+++ Working data +++

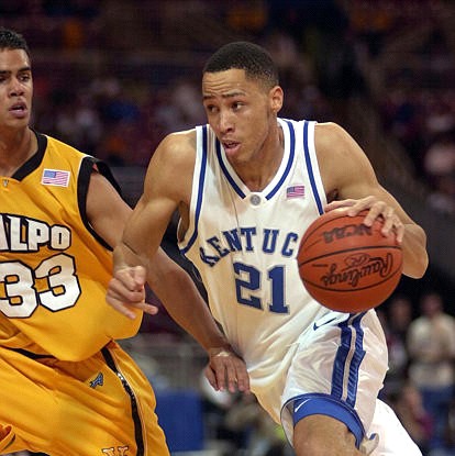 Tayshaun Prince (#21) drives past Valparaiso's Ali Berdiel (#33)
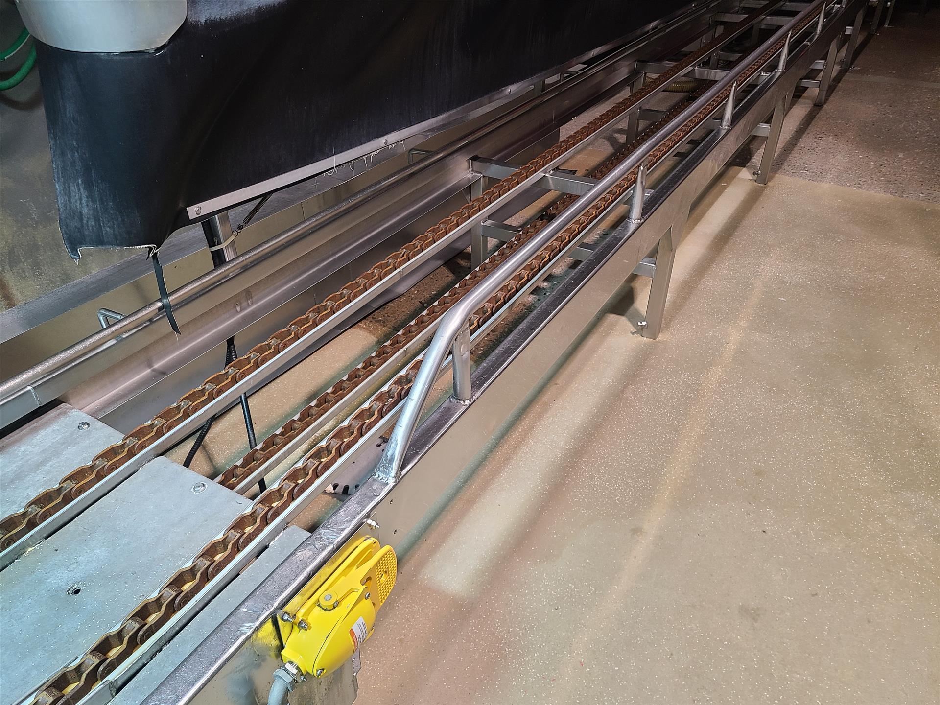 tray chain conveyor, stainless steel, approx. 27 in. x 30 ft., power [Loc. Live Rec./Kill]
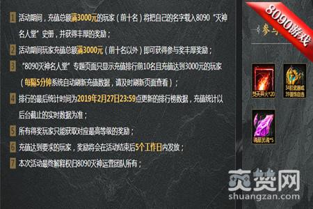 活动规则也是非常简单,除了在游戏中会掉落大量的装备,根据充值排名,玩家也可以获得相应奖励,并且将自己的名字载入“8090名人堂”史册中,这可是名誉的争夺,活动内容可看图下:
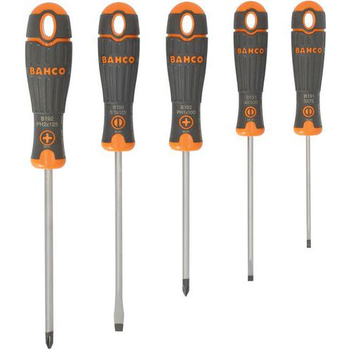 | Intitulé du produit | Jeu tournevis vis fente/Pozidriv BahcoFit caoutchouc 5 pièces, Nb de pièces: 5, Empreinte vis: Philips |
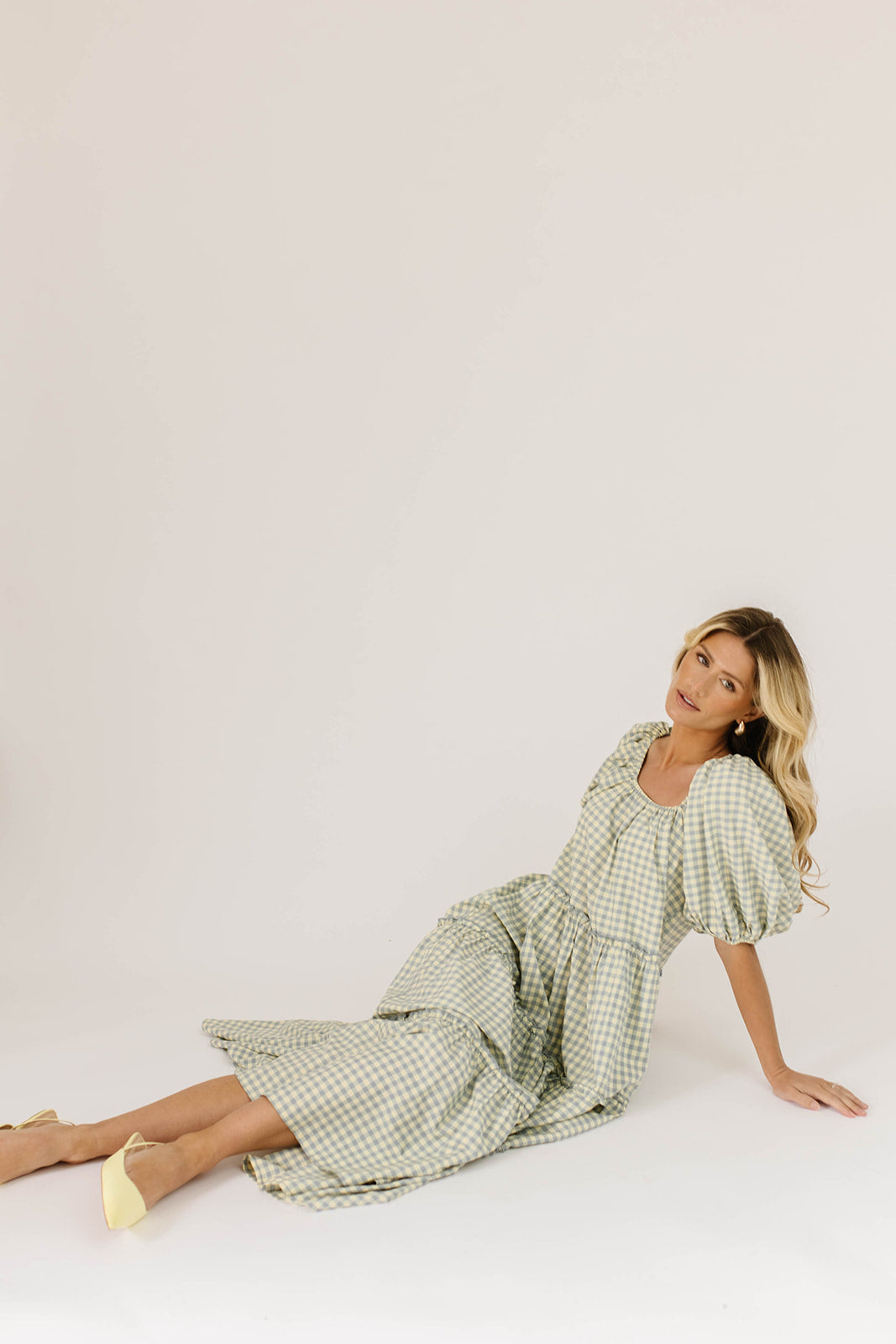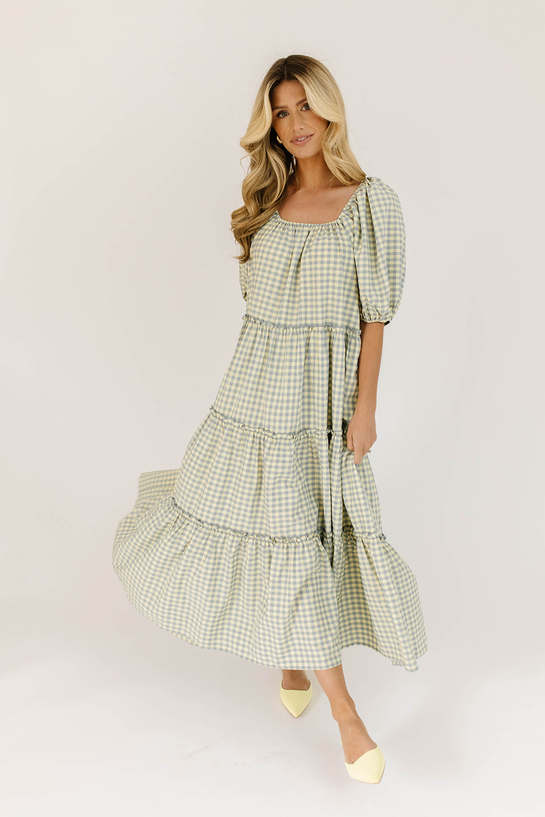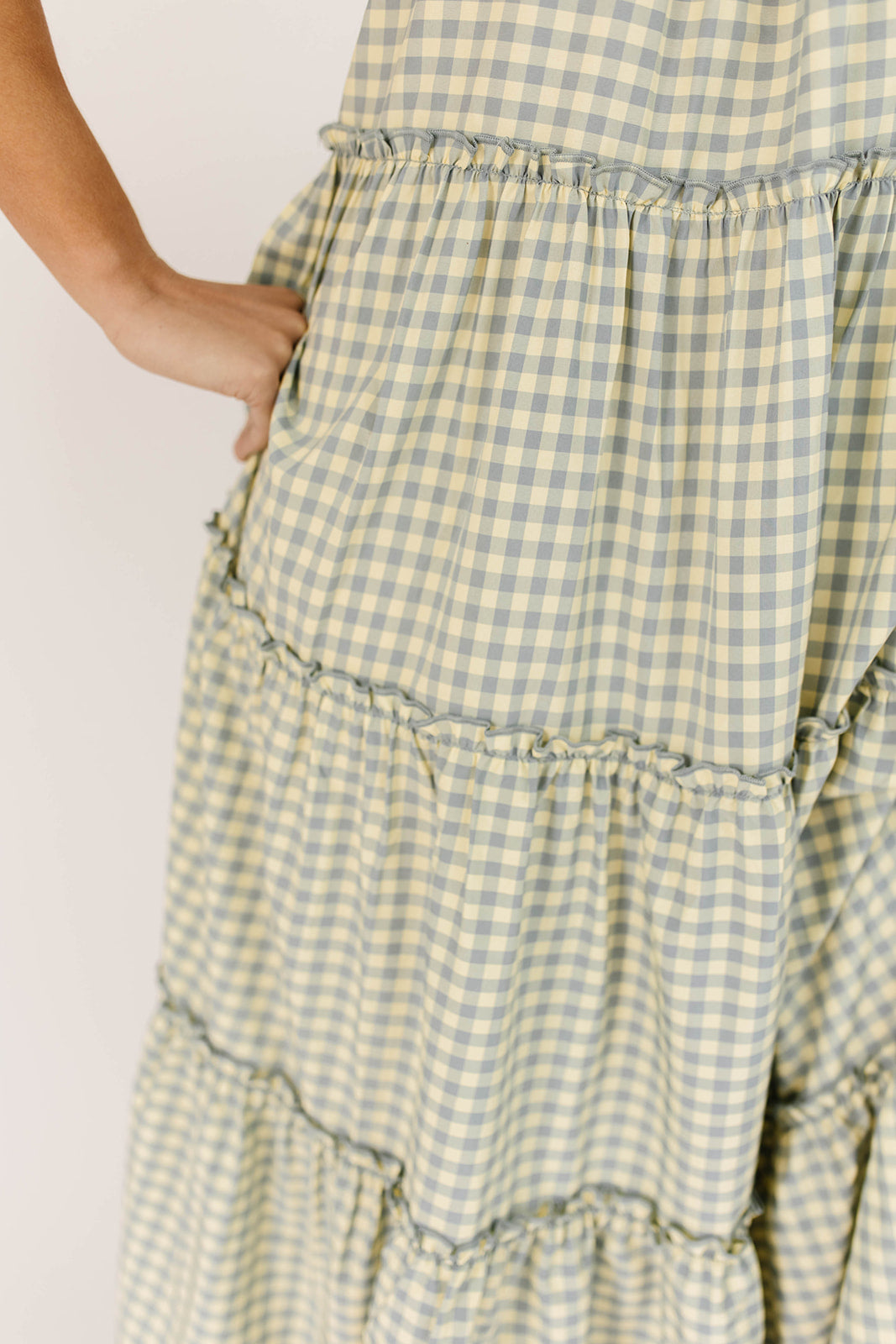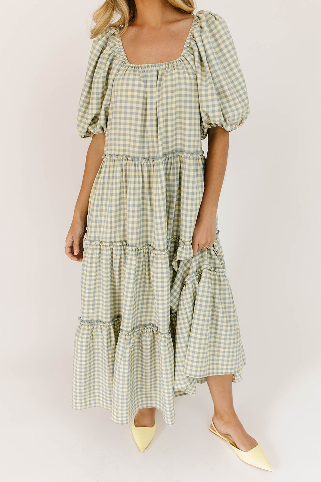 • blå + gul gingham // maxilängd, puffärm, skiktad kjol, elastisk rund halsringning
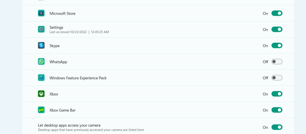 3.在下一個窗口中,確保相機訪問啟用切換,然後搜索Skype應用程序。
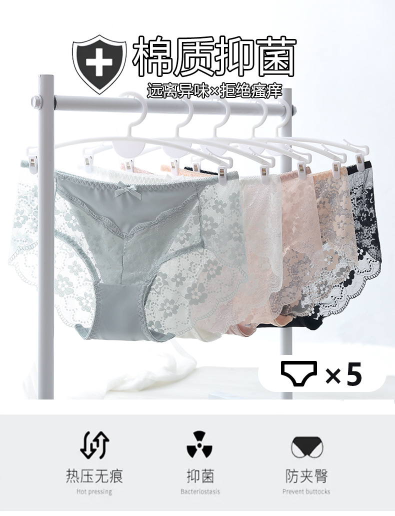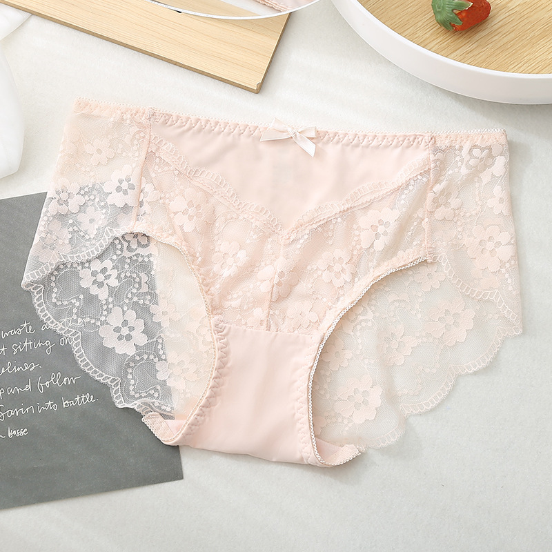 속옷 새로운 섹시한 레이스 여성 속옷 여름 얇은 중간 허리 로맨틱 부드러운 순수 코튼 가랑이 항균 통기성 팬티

+++

## What you will do
Could you reproduce the entries verbatim, leaving out all pictures?

## Response to the task
 Tayshaun Prince (#21) drives past Valparaiso's Ali Berdiel (#33)
 tray chain conveyor, stainless steel, approx. 27 in. x 30 ft., power [Loc. Live Rec./Kill]
 活动规则也是非常简单,除了在游戏中会掉落大量的装备,根据充值排名,玩家也可以获得相应奖励,并且将自己的名字载入“8090名人堂”史册中,这可是名誉的争夺,活动内容可看图下:
 | Intitulé du produit | Jeu tournevis vis fente/Pozidriv BahcoFit caoutchouc 5 pièces, Nb de pièces: 5, Empreinte vis: Philips |
 • blå + gul gingham // maxilängd, puffärm, skiktad kjol, elastisk rund halsringning
 3.在下一個窗口中,確保相機訪問啟用切換,然後搜索Skype應用程序。
 속옷 새로운 섹시한 레이스 여성 속옷 여름 얇은 중간 허리 로맨틱 부드러운 순수 코튼 가랑이 항균 통기성 팬티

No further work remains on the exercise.